"Let all bitterness and wrath and anger and clamor and slander be put away from you, along with all malice." Ephesians 4:31
"A man of quick temper acts foolishly,
and a man of evil devices is hated." -Proverbs 14:17
"And as you wish that others would do to you, do so to them."- Luke 6:31
"Good sense makes one slow to anger, and it is his glory to overlook an offense." - Proverbs 19:11
"Know this, my beloved brothers: let every person be quick to hear, slow to speak, slow to anger; for the anger of man does not produce the righteousness of God." -James 1:19-20
One of my biggest weaknesses in life is my anger. It's just an emotion that I'm able to easily get access to.
I've struggled with my anger issues for a long time...and until recently (marrying Justin who is NEVER angry) and attempting therapy and meditating on the Bible has really helped.
This past week was very, very hard on me. I am angry, because a lot of time and emotions were put into a particular situation and they were all spent in vain.
The certain person has many, many issues that I wish I could of helped with, but was unable to due to the lack of knowledge of the subject, being 7 months pregnant and not being a professional. (Professional help definitely was needed.)
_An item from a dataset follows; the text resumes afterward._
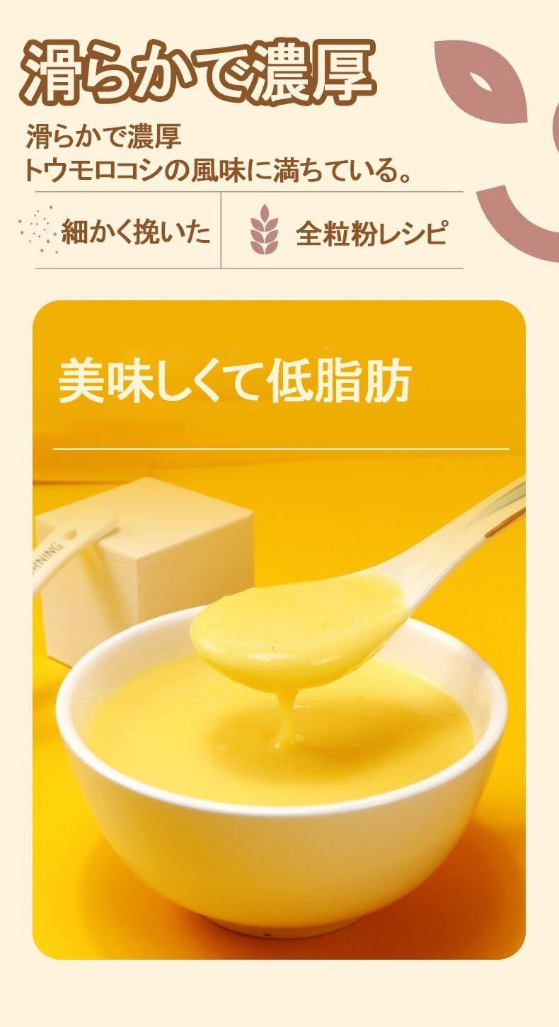 【便利】スプーン3~4杯を容器に入れ、お湯を注いでよくかき混ぜてお召し上がりください。この簡単な調理法により、かぼちゃのコーンペーストは、朝食、昼食、夕食を問わず、毎日の家庭生活において便利で手早い食品となる。

There was not much I, nor my husband could do.
We had to make a tough decision. But one we had to stick with. Unfortunately, the tough decision upset this person who needed help.
And though it was hard for me to not help them, we had to ultimately take care of ourselves before we could possibly be in a position to take care of them.
This person, now, has hurt us and disrespected us. Which, I was semi expecting....so I don't know why I feel so upset or angry. I could of called it!
I just really wish I was more like Christ! Jesus was persecuted by the people who were once proclaiming Him King and asking Him to perform miracles. Then a week later, the same people had Him nailed to the cross.
All along, Jesus knew these people would turn on Him.
Just amazes me how wonderful, patient and loving He was and still is!
I will continue to work on my anger and my emotions. I know that I'm just human and that generally, I do try to do the best I can. Sometimes I have to make difficult decisions and I hope that next time I won't be cynical (if ever faced in a similar situation.)
In life we have to learn lessons the hard way sometimes and I guess this was something I couldn't avoid. Not much I can do now but pray that I let go of any negative feelings.
This week taught me that it is better to be nice either way because your conscience will be easier on you for it. (Thankfully I was.)
And this week showed me how many great friends I have to depend on--and lastly, that I'm forever grateful that I have a great husband who does strive everyday to be a better person.
It's because of my husband and my new unborn baby that I wish to be a better Christian, wife and mother. And everyday, I will TRY my best to do so.
I may fail, but I will never lose sight on Whom I strive to be like.